Amerika

Furthest Right

Hubris

When a civilization starts, people agree about two things: first, the immediate need, and second the character of that society. This character generally takes the form of an intangible purpose, for example the ancient Greeks pursuing “excellence” and the ancient Maya wanting to share the knowledge of the sun-god.

This parallels — all of the really true things in life are parallel between macrocosm and microcosm, physics and metaphysics, future and past, thought and matter, energy and pattern — the quest of individual humans. People either develop character and find a purpose in life or they begin the process of internal decay.

As soon as dissent spreads in the ranks, a civilization begins dying.
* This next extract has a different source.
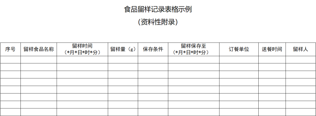 学校(含托幼机构)食堂、养老机构食堂、医疗机构食堂、中央厨房、集体用餐配送单位、建筑工地食堂(供餐人数超过100人)和餐饮服务提供者(集体聚餐人数超过100人或为重大活动供餐)要按照《餐饮服务食品安全操作规范》附录C填写食品留样记录
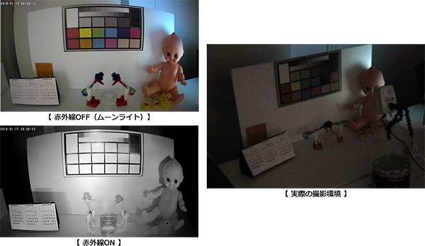 Sony製高感度CMOSセンサー「IMX323」を搭載しており、「ムーンライト機能」として、0.1ルクス(月明かり程度)の照明下でカラー撮影が可能。赤外線暗視機能を使わなくても常夜灯(ナツメ球)程度の明るさでカラー撮影ができるため、夜間の赤ちゃんの様子やペットの行動を見守ることができる。街灯のある夜の住宅街は約1ルクスの明るさなので、自宅やオフィス周りの夜間監視にも活用できる。

No longer does everyone agree on the purpose. They no longer have a goal. Like any organism without purpose, they become parasitic, and they consume the civilization. Centuries later only ruins and low-IQ mixed-race people remain.

Everything you see in the contemporary political discourse is contemporary behavior. People see that our civilization is in decline and have no idea how to reverse it, so they start going on about Christianity, the billionaires, Illuminati, the Jews,™ chemtrails, or some other scapegoat. They want a tangible enemy to throttle.

They are scared out of their minds because in their guts they know that fixing civilization is a really hard problem. If it has happened in the past, we have scant record of it, and the people who lived through it probably had no idea it was happening. You get a slow panic in response where everyone tries to invent a story where things turn out OK.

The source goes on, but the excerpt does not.